Required work: Some lines below hold "with". Pick them out and copy them.

Given entries:
· · · ·

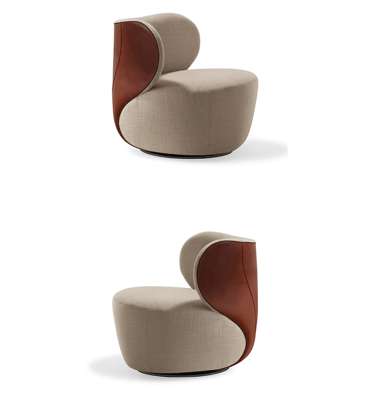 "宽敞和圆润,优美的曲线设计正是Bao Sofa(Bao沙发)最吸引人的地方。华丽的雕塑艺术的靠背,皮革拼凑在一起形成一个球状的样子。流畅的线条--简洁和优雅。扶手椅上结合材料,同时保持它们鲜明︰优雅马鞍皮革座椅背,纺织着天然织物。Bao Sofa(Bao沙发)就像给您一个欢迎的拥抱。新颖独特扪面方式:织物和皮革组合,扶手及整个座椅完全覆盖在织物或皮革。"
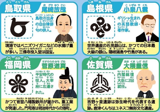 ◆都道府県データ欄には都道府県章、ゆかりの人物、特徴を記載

· · · ·

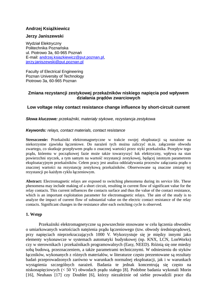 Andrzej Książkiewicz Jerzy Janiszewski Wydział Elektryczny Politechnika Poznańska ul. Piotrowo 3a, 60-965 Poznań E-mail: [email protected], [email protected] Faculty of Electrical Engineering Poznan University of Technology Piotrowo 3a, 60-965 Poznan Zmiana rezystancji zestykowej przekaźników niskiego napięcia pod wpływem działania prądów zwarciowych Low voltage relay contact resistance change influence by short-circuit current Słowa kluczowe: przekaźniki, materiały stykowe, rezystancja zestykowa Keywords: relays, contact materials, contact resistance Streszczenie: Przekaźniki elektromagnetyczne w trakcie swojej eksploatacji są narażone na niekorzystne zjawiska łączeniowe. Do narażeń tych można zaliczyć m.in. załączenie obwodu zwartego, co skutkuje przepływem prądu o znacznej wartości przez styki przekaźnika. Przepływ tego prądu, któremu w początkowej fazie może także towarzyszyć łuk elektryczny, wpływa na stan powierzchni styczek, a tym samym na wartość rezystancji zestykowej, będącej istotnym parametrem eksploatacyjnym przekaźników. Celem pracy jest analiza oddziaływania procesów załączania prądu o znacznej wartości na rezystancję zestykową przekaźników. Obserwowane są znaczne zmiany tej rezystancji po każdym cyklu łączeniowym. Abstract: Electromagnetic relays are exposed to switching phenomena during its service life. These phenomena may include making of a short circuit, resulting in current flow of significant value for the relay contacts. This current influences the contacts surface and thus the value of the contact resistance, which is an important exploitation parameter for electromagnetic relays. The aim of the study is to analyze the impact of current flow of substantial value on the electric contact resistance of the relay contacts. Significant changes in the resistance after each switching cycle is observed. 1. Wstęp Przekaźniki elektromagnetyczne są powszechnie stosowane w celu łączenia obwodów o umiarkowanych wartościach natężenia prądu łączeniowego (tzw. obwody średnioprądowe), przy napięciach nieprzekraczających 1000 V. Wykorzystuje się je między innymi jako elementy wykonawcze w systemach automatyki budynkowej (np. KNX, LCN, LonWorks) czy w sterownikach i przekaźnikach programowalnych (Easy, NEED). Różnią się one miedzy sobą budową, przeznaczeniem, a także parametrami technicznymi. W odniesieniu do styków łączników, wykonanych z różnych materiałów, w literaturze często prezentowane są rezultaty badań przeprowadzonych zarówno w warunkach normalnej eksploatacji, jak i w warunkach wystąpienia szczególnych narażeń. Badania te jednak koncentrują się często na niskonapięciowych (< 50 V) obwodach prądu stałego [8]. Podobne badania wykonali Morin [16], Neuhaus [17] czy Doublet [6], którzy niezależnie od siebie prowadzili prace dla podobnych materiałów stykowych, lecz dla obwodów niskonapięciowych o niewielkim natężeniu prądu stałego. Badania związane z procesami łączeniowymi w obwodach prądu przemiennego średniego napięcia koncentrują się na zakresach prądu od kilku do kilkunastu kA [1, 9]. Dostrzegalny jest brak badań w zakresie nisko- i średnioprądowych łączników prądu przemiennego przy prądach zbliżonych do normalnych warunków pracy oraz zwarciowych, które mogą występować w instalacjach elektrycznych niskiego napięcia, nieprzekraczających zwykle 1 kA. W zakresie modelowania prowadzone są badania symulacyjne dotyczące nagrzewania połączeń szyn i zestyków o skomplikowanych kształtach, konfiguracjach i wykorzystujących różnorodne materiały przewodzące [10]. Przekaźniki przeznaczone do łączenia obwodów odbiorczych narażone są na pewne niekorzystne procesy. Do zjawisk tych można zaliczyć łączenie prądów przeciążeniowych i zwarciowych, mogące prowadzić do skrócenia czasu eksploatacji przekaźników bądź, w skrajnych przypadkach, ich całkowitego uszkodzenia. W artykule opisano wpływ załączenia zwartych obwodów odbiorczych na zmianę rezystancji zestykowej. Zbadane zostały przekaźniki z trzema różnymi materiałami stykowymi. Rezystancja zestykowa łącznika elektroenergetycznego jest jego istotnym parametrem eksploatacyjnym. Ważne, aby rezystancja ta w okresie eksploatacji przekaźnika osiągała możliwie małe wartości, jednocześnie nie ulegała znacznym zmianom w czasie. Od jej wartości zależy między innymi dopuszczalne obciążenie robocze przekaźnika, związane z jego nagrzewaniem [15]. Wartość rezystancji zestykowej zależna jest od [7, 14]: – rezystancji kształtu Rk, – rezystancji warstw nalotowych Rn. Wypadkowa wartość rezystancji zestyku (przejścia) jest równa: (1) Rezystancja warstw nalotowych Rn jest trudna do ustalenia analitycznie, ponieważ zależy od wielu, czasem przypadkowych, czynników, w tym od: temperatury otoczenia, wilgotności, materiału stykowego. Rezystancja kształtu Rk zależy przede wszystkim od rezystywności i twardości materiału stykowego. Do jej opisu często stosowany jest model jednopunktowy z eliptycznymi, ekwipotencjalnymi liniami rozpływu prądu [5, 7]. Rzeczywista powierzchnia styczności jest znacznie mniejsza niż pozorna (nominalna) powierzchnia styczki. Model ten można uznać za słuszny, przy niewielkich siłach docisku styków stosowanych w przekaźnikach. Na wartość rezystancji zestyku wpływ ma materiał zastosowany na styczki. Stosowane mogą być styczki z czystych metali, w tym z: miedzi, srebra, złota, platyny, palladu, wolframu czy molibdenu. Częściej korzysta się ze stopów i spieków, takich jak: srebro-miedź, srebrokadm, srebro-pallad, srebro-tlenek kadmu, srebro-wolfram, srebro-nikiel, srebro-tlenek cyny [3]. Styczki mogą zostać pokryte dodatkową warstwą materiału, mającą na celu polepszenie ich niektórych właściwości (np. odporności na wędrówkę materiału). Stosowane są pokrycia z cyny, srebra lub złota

· · · ·

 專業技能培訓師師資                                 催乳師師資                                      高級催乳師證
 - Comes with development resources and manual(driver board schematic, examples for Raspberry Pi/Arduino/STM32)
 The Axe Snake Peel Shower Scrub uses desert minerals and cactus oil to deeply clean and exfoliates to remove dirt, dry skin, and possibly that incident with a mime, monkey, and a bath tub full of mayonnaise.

· · · ·

Exercise output:
 - Comes with development resources and manual(driver board schematic, examples for Raspberry Pi/Arduino/STM32)
 The Axe Snake Peel Shower Scrub uses desert minerals and cactus oil to deeply clean and exfoliates to remove dirt, dry skin, and possibly that incident with a mime, monkey, and a bath tub full of mayonnaise.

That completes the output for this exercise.